WHAT IS NEEDED – What you return should be the lines from the one with "îerroine,E.E. La synthèse" through the one with "Trong trò chơi" in the data below, reproduced exactly with both ends, and no pictures at all.

DATA TO USE –

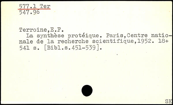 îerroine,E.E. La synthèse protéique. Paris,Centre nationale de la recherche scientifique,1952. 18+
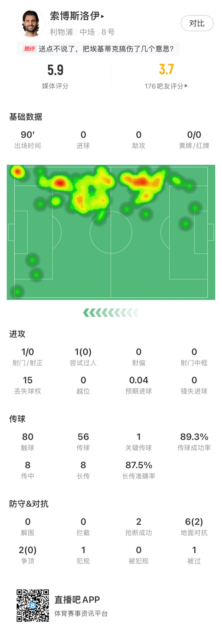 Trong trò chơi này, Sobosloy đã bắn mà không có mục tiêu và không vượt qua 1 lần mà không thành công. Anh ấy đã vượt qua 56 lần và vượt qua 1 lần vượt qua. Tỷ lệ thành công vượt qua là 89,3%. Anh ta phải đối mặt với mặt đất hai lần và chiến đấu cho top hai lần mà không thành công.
...
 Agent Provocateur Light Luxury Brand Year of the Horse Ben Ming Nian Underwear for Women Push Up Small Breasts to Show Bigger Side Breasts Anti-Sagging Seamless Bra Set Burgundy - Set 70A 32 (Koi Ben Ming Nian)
---
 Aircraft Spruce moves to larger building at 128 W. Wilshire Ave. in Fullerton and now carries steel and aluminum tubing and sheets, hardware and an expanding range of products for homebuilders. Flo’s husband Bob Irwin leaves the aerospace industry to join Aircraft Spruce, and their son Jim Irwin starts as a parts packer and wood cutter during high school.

EXERCISE OUTPUT –
 îerroine,E.E. La synthèse protéique. Paris,Centre nationale de la recherche scientifique,1952. 18+
 Trong trò chơi này, Sobosloy đã bắn mà không có mục tiêu và không vượt qua 1 lần mà không thành công. Anh ấy đã vượt qua 56 lần và vượt qua 1 lần vượt qua. Tỷ lệ thành công vượt qua là 89,3%. Anh ta phải đối mặt với mặt đất hai lần và chiến đấu cho top hai lần mà không thành công.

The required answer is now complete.